Promptly and properly prepared clinical records are of utmost importance in the treatment and care of patients. Codification and filing of such records has its measure of importance under this Condition; however, no matter how well coded or how well indexed such records may be, they do not serve their intended purpose if they are lacking in the essential clinical information relating to the patient such as history, diagnosis, treatment, and prognosis. The same is equally true if there is inordinate delay in including such information in the record. Although the Administrator of the community hospital stated there had been recent improvements in the filing and disease codification of records, she did not specifically mention that there had been any change or improvement in the content of such records or that the records were being timely and properly completed and signed. Considering the relative importance of the various standards under this Condition, and while conceding that there has been improvement in some aspects, the record as constituted still fails to sustain a conclusion that the medical records of the applicant hospital are maintained in such a professional manner as to be in substantial compliance with this Condition.

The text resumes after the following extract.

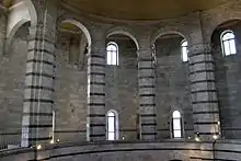 Cette dernière rappelle en particulier la curieuse couverture tronc-pyramidale de la partie centrale du baptistère, qui laisse supposer que le projet de Diotisalvi prévoyait ce type de couverture ; d’autant plus qu’on lui attribue aussi la réalisation d’une église pisane également dédiée au Saint-Sépulcre, dont le type de couverture est tout à fait identique.

(e) Section 405.1027, Regulations No. 5 (20 CFR 405.1027) requires that the applicant hospital have a pharmacy directed by a registered pharmacist or, in the alternative, a drug room under competent supervision, either of which is to be administered in accordance with accepted professional principles.
A small institution such as the applicant cannot afford and is not required to have a full-time pharmacist. There appears to be no reason why it could not afford the services of the local druggist as a consulting pharmacist for the purpose of drawing procedures, rules and regulations for the drug room. It is not enough merely to set aside space for a drug room and put a lock on the premises. Numerous factors are involved in the issue and use of drugs and such factors require professionally drawn and established procedures of such particularity that risks of misuse are reduced to the barest minimum.
From the evidence, it appears that the Administrator of the hospital is left to her own resources, without professional medical or pharmaceutical advice, to devise the procedures for control and use of drugs. The procedures governing operation of the drug room and the administration of drugs appear to lack the formality and preciseness necessary to ensure against hazards to the safety and health of the patients, as contemplated by the law and pertinent regulations.
Based on all the facts, the applicant institution does not meet the statutory definition of "hospital" in section 1861(e) of the Act, quoted above, nor is it in substantial compliance with all of the conditions of participation set out in Subpart J. Regulations No. 5 of the Social Security Administration. It is accordingly held, that the X Community Hospital is not now entitled to certification as a provider of hospital services under the provisions of title XVIII of the Act and Regulations No. 5 of the Social Security Administration.